When asked if she found that hunch to be true, Joy-Tendai says “in part”.

“Of course you’re going to get people that are ignorant,

“The first weeks of being in Dublin, I was bated by a woman who told me to go back to my country.

“That would have been recurring, going into workplaces where people don’t believe what you’ve managed to achieve.

“Being asked questions like ‘how is it possible that a black woman from Zimbabwe would know this thing?’, as if there’s a certain type of person that should know the thing and you’re not that type.

“Being passed over for jobs and being asked to do nominal jobs.”

One would think that Joy-Tendai’s nature would be to try prove those discriminating against her as wrong – but no, she displays strength far beyond that.

“To be honest, I don’t have time to prove people wrong, I have time to prove to myself what I’m capable of doing,” she says.

“What I do is, when people have planted doubt in things that I’m capable of doing and I know that I’m able to, I’m going to prove to myself that I was right, I was able to do those things.”

Throughout the 2000s, Joy-Tendai worked in many different industries such as doing door-to-door sales, administrative compliance and being a cleaner in McDonald’s for a time in 2003.

All the while, Joy-Tendai had her first-born child and continued to support her family back home in Zimbabwe.

“In 2013, while I was doing that job, I had my two children and I was expecting a third.

“Unfortunately, under tragic circumstances, my baby died and I also had a near-death experience.

“That left me shattered, lost . . . there was a lot . . . trying to deal with the grief of the loss – I felt like it was an opportunity to go back to education.

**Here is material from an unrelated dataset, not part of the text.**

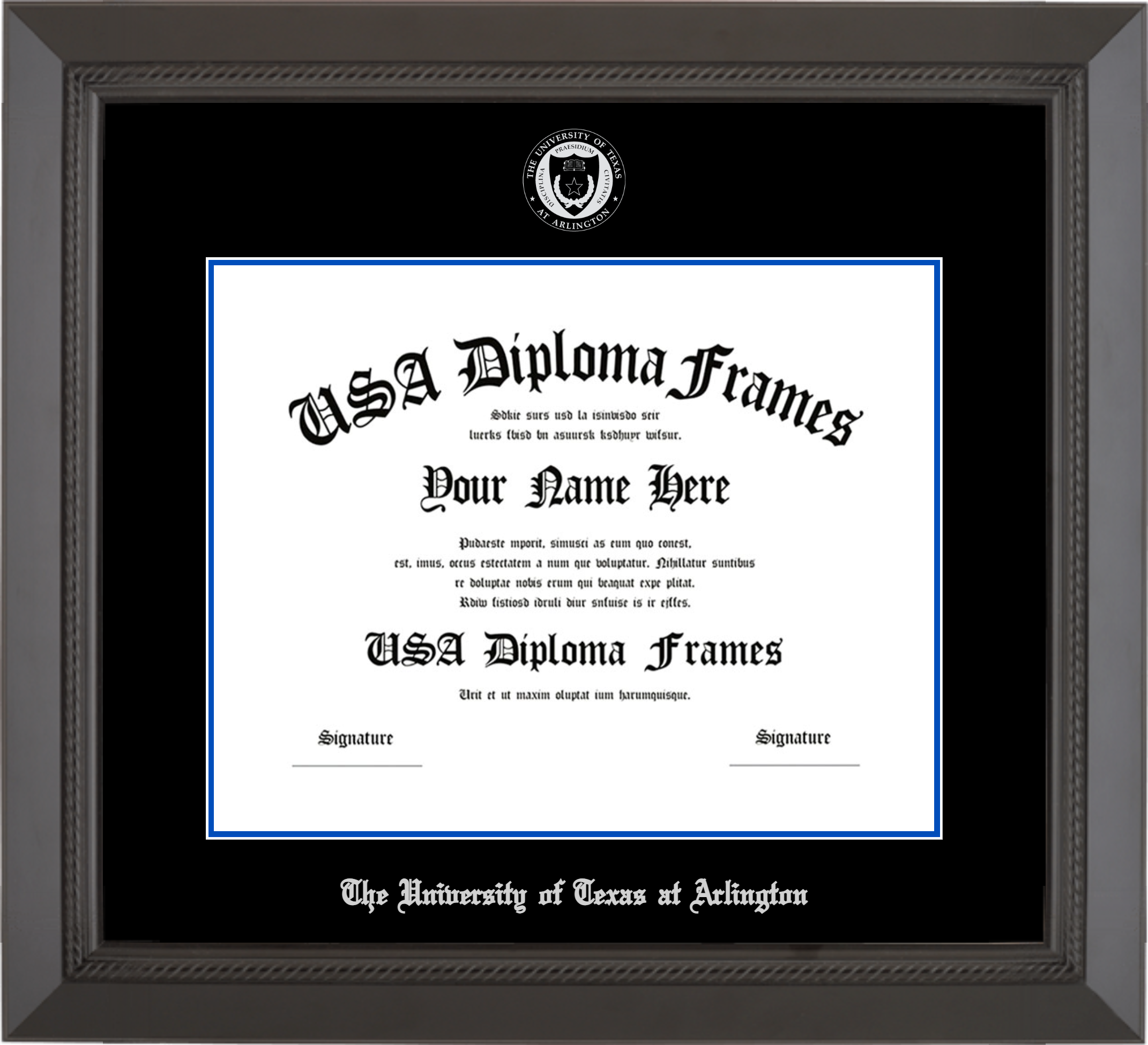 The University of Texas at Arlington Diploma Frame – Black Rope – Black and Royal Blue Mat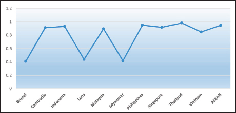 India’s RCA with the ASEAN is presented for 23 distinct commodity groups taken for the study. This reveals the potential for India’s trade with the ASEAN and the presence of complementarity in the product category. The analysis of the stability index and the Coefficient of Variation values also presents a fairly stable situation of the commodity category taken for the study. The revealed trade potential can be taken to tap the untapped trade potential with the ASEAN partners. ASEAN has been one of the four among the focus regions for India. Sharing the same culture and rituals, the eastern part of India has been the gateway for trade with the ASEAN countries. India shares maritime borders with Indonesia and Thailand and a land border with Myanmar. With the strengthening of infrastructure and logistics in the Eastern states, the trade potential with the ASEAN partners can be accelerated. India and ASEAN has signed some important agreements as Comprehensive Economic Cooperation Agreement in 2010 with the ASEAN, where both the regions agreed to reduce and eliminate duties from both sides significantly on 76.5% of goods and liberate the tariffs for more than 90% of goods, trade has increased for exports for over 23% and imports by 55% during the past decade. Similarly, India–Singapore FTA, India–Malaysia FTA and India–Thailand Early Harvest Scheme have all acted towards integrating India’s trade with the ASEAN partners. The analysis from the current study also confirms a growing intensity of India’s trade with the ASEAN partners.

“It was a way of fulfilling the promise to that six-year-old girl and also, honouring my son’s life.

“I don’t know what he would have become in life, but through me studying and going through the course, I feel that part of him is being honoured. I feel like I’m here doing it for him.”

So, Joy-Tendai successfully returned to education as an adult learner through the University College Dublin Access and Lifelong Learning programme.

This prepared her, in not having formal education, for studying at university level.

Having completed the Access to Arts and Human Sciences course, this enabled Joy-Tendai to pursue a Bachelor of Civil Law Honours degree.

From there, the Firhouse resident completed the Barrister-at-Law degree course at King’s Inns and is currently a Pupil Barrister, practicing at the Four Courts.

“There’s a lot of learning and things to be done,” Joy explains.

“When I started, it wouldn’t have been as diverse as it is now and it’s good to see that there is more diversity at at the Bar – including men, women and people of different ethnicity.”

Reflecting on her journey and when asked what she would say to her six-year-old self, Joy-Tendai offers up a message that has been a common thread throughout her life – the long-game.

“Always believe in yourself, you are your best cheerleader,” she says.

“No matter what other people tell or persuade you from what you want to do, if you have a dream that is implanted within you, hold onto that.

“Some people are able to access things immediately, their road is A to B. For some people it’s A to Z to B to E.

“What I’m trying to say is concentrate on the long game.”